From reading the first lines of the produced file we can notice that each sentence consists of the same words but in the permutated order.
there_the_player_like_you_shall_solve_doubt_great_in_my_mind_that_puzzle_was_no_single
there_the_player_like_you_shall_solve_doubt_in_my_mind_that_great_puzzle_was_no_single
there_the_player_like_you_shall_solve_was_no_single_doubt_great_in_my_mind_that_puzzle
there_the_player_like_you_shall_solve_was_no_single_doubt_in_my_mind_that_great_puzzle
there_the_player_like_you_shall_single_was_no_solve_doubt_great_in_my_mind_that_puzzle
there_the_player_like_you_shall_single_was_no_solve_doubt_in_my_mind_that_great_puzzle
there_the_player_like_you_solve_doubt_great_in_my_mind_that_puzzle_was_no_shall_single
The idea of the challenge is to find the correct flag from these 7296 lines. From the challenge description
I suspect the key to be a semantically correct and meaningful sentence consisted of lowercase english words only. Can you help me uncover the key?
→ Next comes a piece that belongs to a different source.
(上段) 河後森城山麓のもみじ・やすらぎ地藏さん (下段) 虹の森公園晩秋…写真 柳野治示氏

it was clear that the flag is in the unusual format, and that it consists of English words which when combined produce a grammatically correct meaningful sentence.
The approach I had in mind, was to reduce the number of lines via filtering out all "strange" sentences.
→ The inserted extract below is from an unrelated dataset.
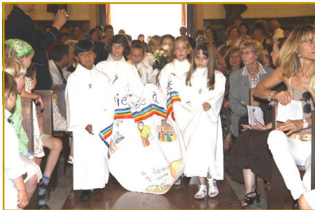
La Procession des offrandes

Le dimanche 12 juin, après avoir préparé pendant deux ans leur première Communion, 32 enfants ont reçu, au cours de la messe dominicale dans le Sacrement de l'Eucharistie, le Corps et le Sang de Notre seigneur Jésus-Christ .
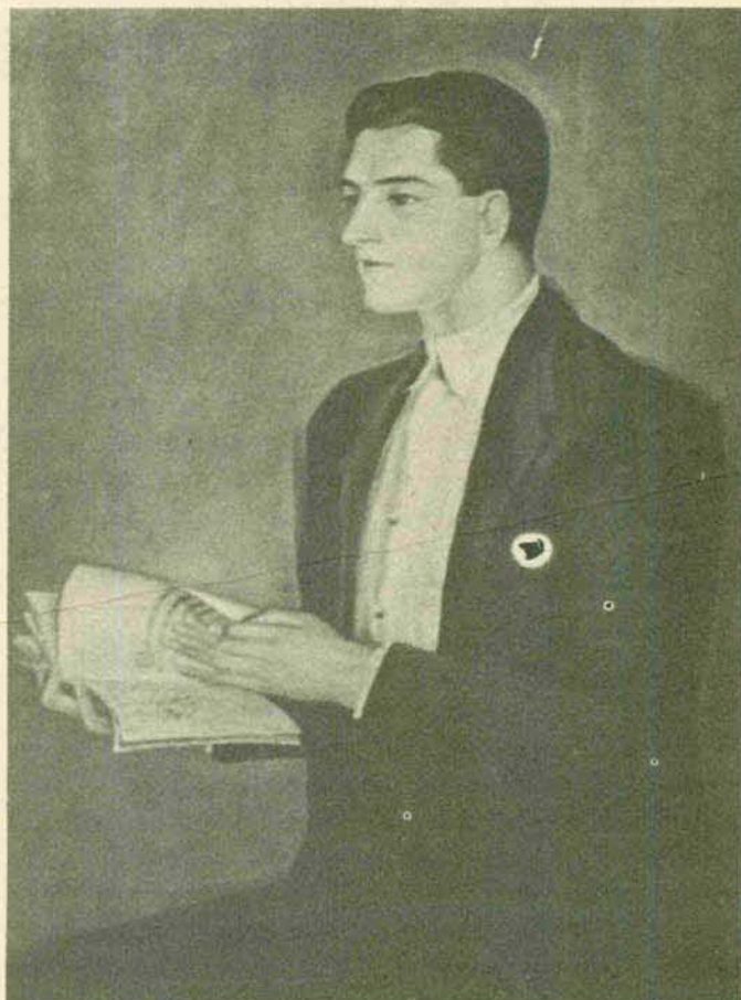
ALBERTI, JOVEN, POR GREGORIO PRIETO.

For example, I manually regex-removed the lines in the form:
Start: 7296
^.*(the_was).*$\n - 1632
^.*(the_you).*$\n - 1632
^.*(the_that).*$\n - 528
^.*(was_no_shall).*$\n - 1752
^.*(was_no_solve).*$\n - 875
^.*(solve_doubt_great).*$\n - 90
^the_there.*$\n - 40
^that_in_my_mind.*$\n - 86
^.*there_doubt_great.*$\n - 36
^.*that_great_in_my_mind.*$\n - 192
^.*player_like_there.*$\n - 28
^.*puzzle_the_doubt.*$\n - 12
^.*great_puzzle_player.*$\n - 13
^.*player_like_the_doubt.*$\n - 19
^.*player_like_doubt.*$\n - 65
^.*shall_solve_doubt.*$\n - 39
^.*player_like_the_puzzle.*$\n - 5
^.*there_doubt_in_my_mind.*$\n - 21
^.*was_no_single$\n - 116
^.*the_doubt_great.*$\n - 48
Left: 67
The above approach reduced the number of solutions to 67, from where it was relatively easy to find the best candidate for the flag, which is justCTF{there_was_no_single_doubt_in_my_mind_that_great_player_like_you_shall_solve_the_puzzle}
Scam generator [web, 2 solves (unfixed) & 1 solve (fixed)]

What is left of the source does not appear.